I'm beginning to suspect that some of the jitter you're experiencing is actually due to the long timestep. Even slight persistent manifold jitter will be magnified proportionally with the length of the timestep. Higher quality could possibly be achieved by decreasing some quality parameters in favor of performance (if necessary), and decreasing the timestep to 1/60.

Re: Issues with sliding objects

Posted: Wed May 25, 2011 4:16 am
by BabaJustin
Just as a quick experiment, I tried setting the timestep to even lower at 1/120. There was absolutely no jitter as a result. Unfortunately, I do get some serious frame rate issues on the Windows Phone device when lowering my timestep past even 40. Particularly when there are several objects colliding.

What quality parameters would you suggest decreasing?

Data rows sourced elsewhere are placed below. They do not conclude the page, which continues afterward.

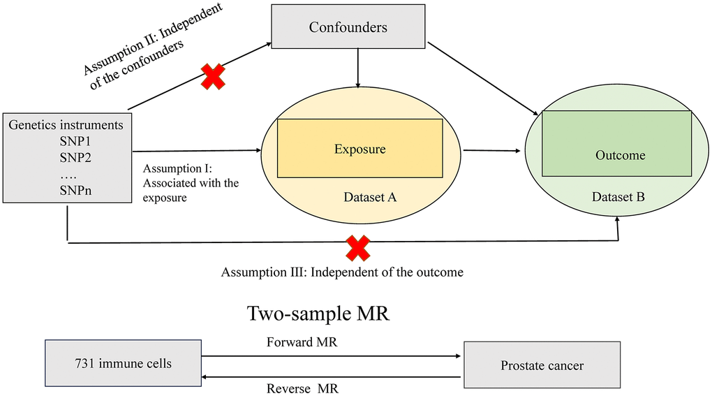 Figure 1 depicts the design and assumptions of this study, which utilized Mendelian randomization (MR) in a two-sample framework using genome-wide association studies (GWAS) summary statistics to explore cause association between 731 immune cell signatures and PCa. MR analysis is a gene-based approach that leverages naturally allocated genetic variants at conception to infer causal effects between exposure and outcomes. Our study relies on three key assumptions: (1) the instrumental variables, i.e., the genetic variants, should be strongly associated with the exposure; (2) the instrumental variables should not be associated with any confounding factors; and (3) there should be no direct connection between the instrumental variables and the outcome (Figure 1). Ethical approval was not required for our research as we used publicly available summary data from existing studies that had already undergone ethical review by academic ethics committees, with participants providing written informed consent. Our study adhered to the STROBE-MR guidelines, and the supporting information Supplementary Table 1 contains the corresponding checklist (Supplementary Table 1).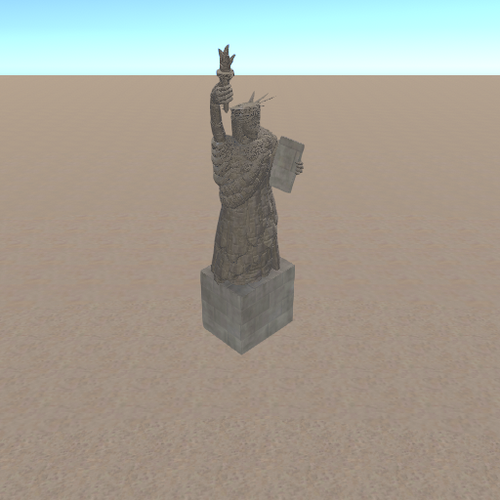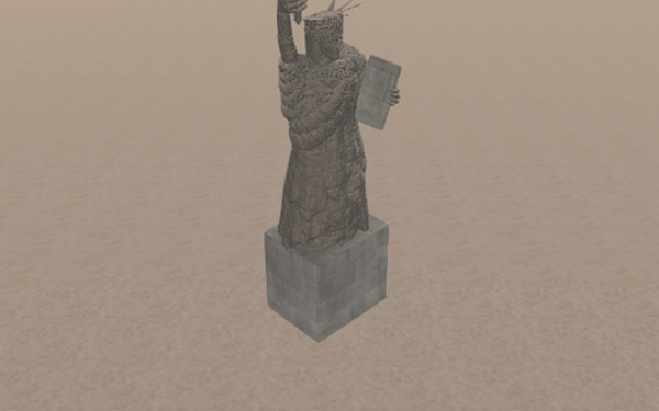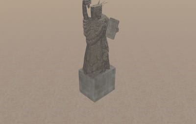 It is a copper monument depicting a standing woman dressed in a long tunic.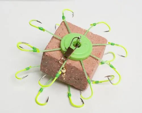当然,也可以使用商品饵做爆炸钩的鱼饵,比如,我想钓青鱼、草鱼、那抛竿鱼钩我们可以用串钩,直接挂商品饵颗粒就行了,我想钓鲶鱼,直接串钩上挂活泥鳅、虾、大蚯蚓即可,活的荤饵对鲶鱼有着无法抵抗的诱惑。再有的钓友说了,我不想麻烦自己制作饵料,也可以,那就用翻板钩,直接购买方块料,钓什么鱼就选什么味型的方块料,确实是省事不少,又干净。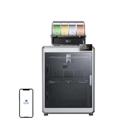 System napędowy z silnikiem krokowym umożliwia drukowanie z prędkością do 600 mm/s przy przyspieszeniu 30 000 mm/s². Pomimo dużej mocy, urządzenie pracuje niezwykle cicho (45 dB). Drukarka jest gotowa do pracy od razu po wyjęciu z opakowania. Wbudowany czytnik RFID automatycznie rozpoznaje filamenty i dobiera optymalne ustawienia druku. Wbudowany moduł Wi-Fi oraz aplikacja Creality Cloud umożliwiają zdalne sterowanie. Creality OS pozwala na inteligentne zarządzanie filamentami, a interfejs FLUIDD WebUI oferuje precyzyjne ustawienia druku. Drukarka obsługuje formaty plików Gcode i 3MF. Wbudowany oczyszczacz powietrza filtruje lotne związki organiczne (VOC), zapewniając bezpieczeństwo użytkowania w pomieszczeniach zamkniętych.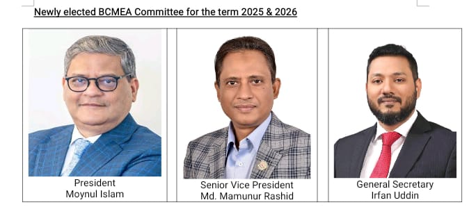 বাংলাদেশ সিরামিক ম্যানুফ্যাকচারার্স অ্যান্ড এক্সপোর্টার্স অ্যাসোসিয়েশন (বিসিএমইএ)’র ২০২৫ এবং ২০২৬ দ্বি-বার্ষিক মেয়াদের নির্বাচনে মইনুল ইসলাম-প্রেসিডেন্ট, মো. মামুনুর রশীদ এফসিএমএ-সিনিয়র ভাইস প্রেসিডেন্ট ও ইরফান উদ্দীন-জেনারেল সেক্রেটারী নির্বাচিত হয়েছেন।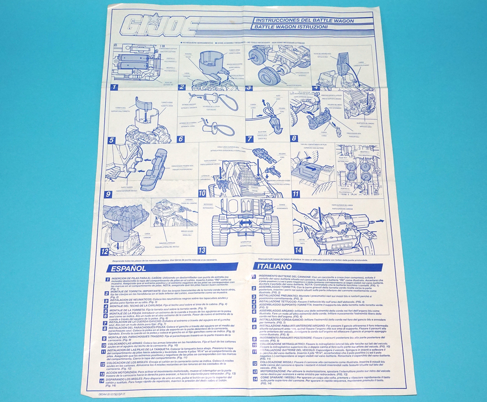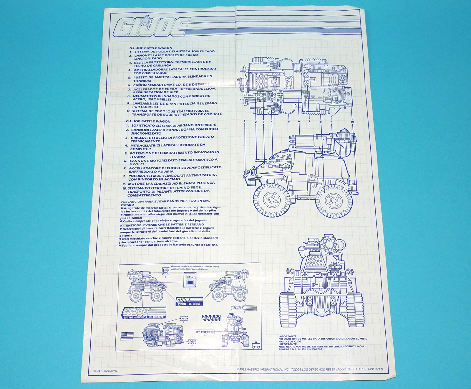 1991 GI JOE BATTLE WAGON SPARE BLUEPRINT INSTRUCTIONS ES IT EURO HASBRO

At this point, I have just about everything at the default value.

Re: Issues with sliding objects

Posted: Wed May 25, 2011 5:25 am
by Norbo
The ConfigurationHelper class in the demos shows some options. The "Super speedy" settings might work. Primarily, this makes the solver more performance-oriented by lowering the minimum and maximum iterations. It may be possible to lower the maximum iterations even more.

Replacing complicated convex hulls with simple implicit shapes would help quite a bit in the worst case as well. Simplifying other geometry may help some too.

Re: Issues with sliding objects

Posted: Wed May 25, 2011 6:54 am
by Norbo
For reference, I've got 30 boxes (and a vehicle) running pretty comfortably at 1/60 with internal timestepping on the 'playground' demo (20,000 triangles if I recall correctly) on the device. That's without fiddling with any other tuning. If you end up going this route, it might be a good idea to reduce the per-frame max timesteps:

Code: Select all

            Space.TimeStepSettings.TimeStepCountPerFrameMaximum = 2;
Going as low as 2 will sometimes allow the simulation to fall behind a little without entering a vicious cycle where it tries to do 10 timesteps in one frame, taking so long that it necessitates another 10 timesteps in the next frame (and so on). That will smooth out performance spikes a bit.

Re: Issues with sliding objects

Posted: Thu May 26, 2011 7:33 pm
by BabaJustin
I made some configurations to match the settings in the demos. I still get the occasional frame rate dip, but it is currently running pretty solid with a 1/60 timestep.

I am still seeing the occasional weird collision with triangles in the surface. I'm not convinced this is a result of the settings changes I made though. It's rare when it happens, but unfortunately it is still noticeable. It's still nowhere near as bad as it was when our triangles weren't sharing vertices. Should I try changing the collision margin next? It is currently still the default value.